Dietro le quinte, il ruolo di Jared Kushner è determinante. L’ex consigliere di Donald Trump, già architetto degli Accordi di Abramo, avrebbe incoraggiato Blair a elaborare una formula capace di incontrare il favore delle monarchie del Golfo e, almeno in parte, di Israele. Non sorprende che l’Arabia Saudita sia stata individuata come il vero perno della transizione: Riyadh non solo dispone delle risorse necessarie per finanziare la ricostruzione, ma può conferire al progetto una legittimità politica che altrimenti mancherebbe. Mohammed bin Salman, tuttavia, non investirebbe a cuor leggero: in cambio vuole garanzie su una prospettiva credibile di Stato palestinese e il consolidamento della partnership strategica con Washington. La logica di questo disegno è chiara: spostare l’asse della questione palestinese dal terreno militare a quello della diplomazia economica, offrendo un modello di “pace attraverso lo sviluppo”. Gaza verrebbe trasformata in un laboratorio di riconversione, in cui il cemento della ricostruzione dovrebbe sostituire le armi, mentre i fondi del Golfo garantirebbero salari, infrastrutture e opportunità economiche. Ma qui si nasconde il primo nodo analitico: la convinzione che un’iniezione di denaro e progetti possa cancellare decenni di conflitto, di ideologia e di appartenenza politico-religiosa. Le esperienze precedenti in Medio Oriente mostrano che l’economia può essere un fattore stabilizzante solo se inserita in un quadro politico credibile. Senza una prospettiva nazionale palestinese condivisa, il rischio è che la GITA diventi un’amministrazione puramente tecnica, tollerata finché arrivano i fondi, ma priva di legittimità reale.

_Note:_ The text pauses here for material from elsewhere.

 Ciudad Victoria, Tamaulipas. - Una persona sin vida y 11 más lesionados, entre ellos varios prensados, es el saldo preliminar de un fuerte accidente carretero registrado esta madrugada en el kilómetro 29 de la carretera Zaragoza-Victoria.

Il secondo elemento critico riguarda Israele. Pur non avendo espresso una posizione ufficiale, è evidente che a Gerusalemme prevale lo scetticismo. L’assenza del nome di Hamas nel testo è vista come una forma di ambiguità diplomatica che rischia di indebolire la narrativa israeliana sulla necessità di estirpare il movimento islamista. Inoltre, Israele difficilmente accetterà di affidare la sicurezza delle proprie frontiere a un’autorità internazionale di nuova creazione: il controllo del contrabbando di armi dal Sinai e dal mare rimane una preoccupazione costante, e qualsiasi proposta che non preveda un ruolo diretto di Gerusalemme sarà respinta come inaffidabile.

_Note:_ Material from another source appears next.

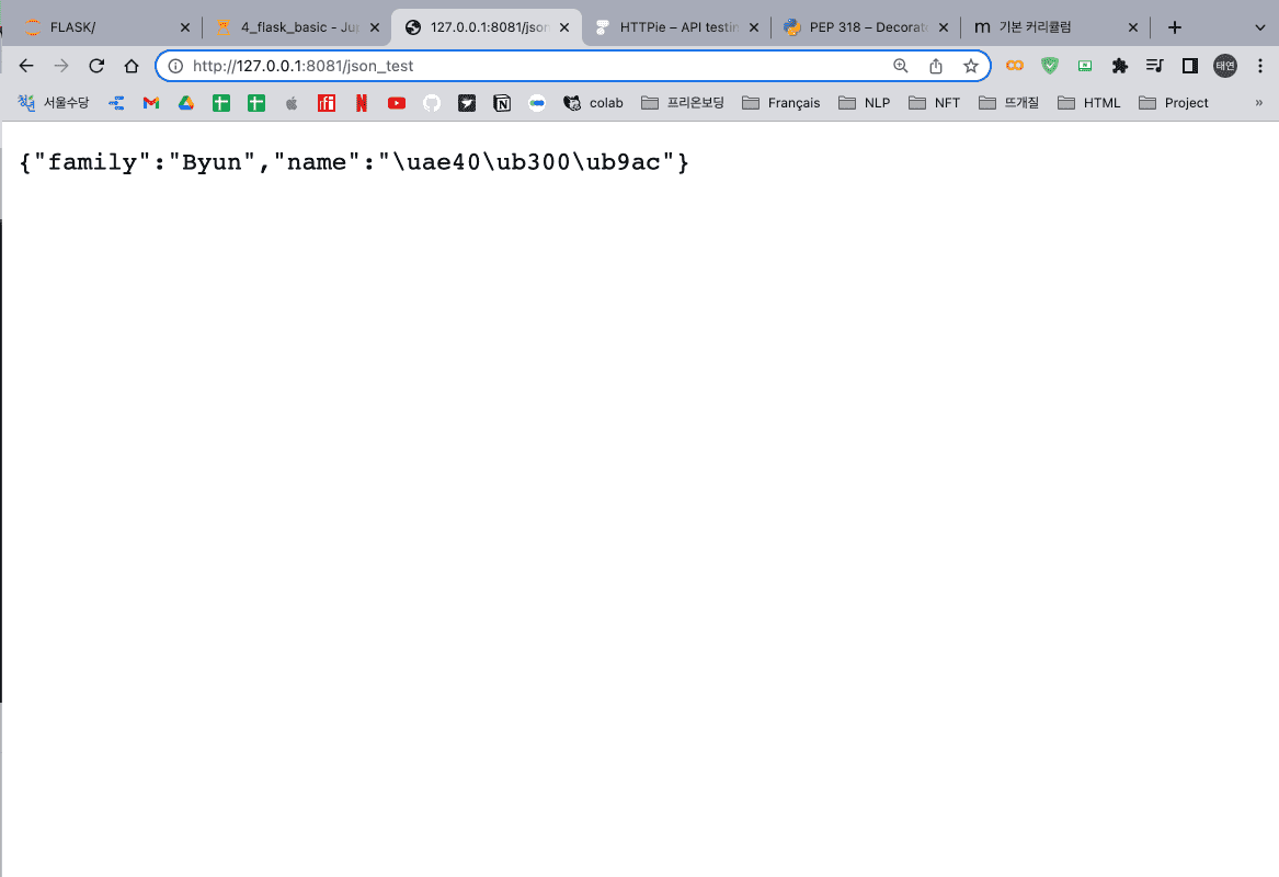 우선 jsonify 로 처리된 데이터가 실제로 전송이 될 때에는 인코딩 방식이 ASCII 방식으로 바뀌어서 전송이 될 것인데요. 한글과 같이 ASCII 방식에서 지원이 안되는 데이터는 \uae40 와 같이 ASCII 방식으로 해당 뎅이터를 변환해서 보내고요. 이를 받는 쪽에서는 \uae40 와 같은 데이터를 본래의 인코딩(한글)으로 변환해서 처리합니다. 그러다보니, 통신하는데에는 문제가 없었다고 보시면 좋을 것 같습니다.

A complicare il quadro vi è la questione dell’Autorità Nazionale Palestinese. Blair e i suoi sponsor vorrebbero che, in prospettiva, fosse proprio l’ANP a subentrare alla GITA, ma la debolezza cronica dell’amministrazione di Mahmoud Abbas la rende poco credibile. Agli occhi della popolazione di Gaza, un suo ritorno suonerebbe come un’imposizione dall’esterno, tanto più se orchestrata da Blair, Kushner e Riyadh. Qui si innesta il problema della legittimità: un’autorità transitoria calata dall’alto, priva di consenso popolare e legata a sponsor percepiti come troppo vicini a Israele, rischia di innescare nuove tensioni invece di placarle. In definitiva, il piano Blair-Kushner tenta di offrire una via d’uscita alla guerra senza affrontare di petto il nodo politico più spinoso: la rappresentanza palestinese. Se non verrà chiarito chi avrà titolo a governare Gaza dopo la fase transitoria, e con quale riconoscimento internazionale, il rischio è che la GITA resti un guscio amministrativo, destinato a crollare al primo scossone. La comunità internazionale potrà anche presentarla come una soluzione innovativa, ma senza il consenso della popolazione palestinese e senza risposte concrete alle esigenze di sicurezza israeliane, è probabile che rimanga un elegante esercizio diplomatico, utile a guadagnare tempo e titoli di giornale più che a costruire la pace.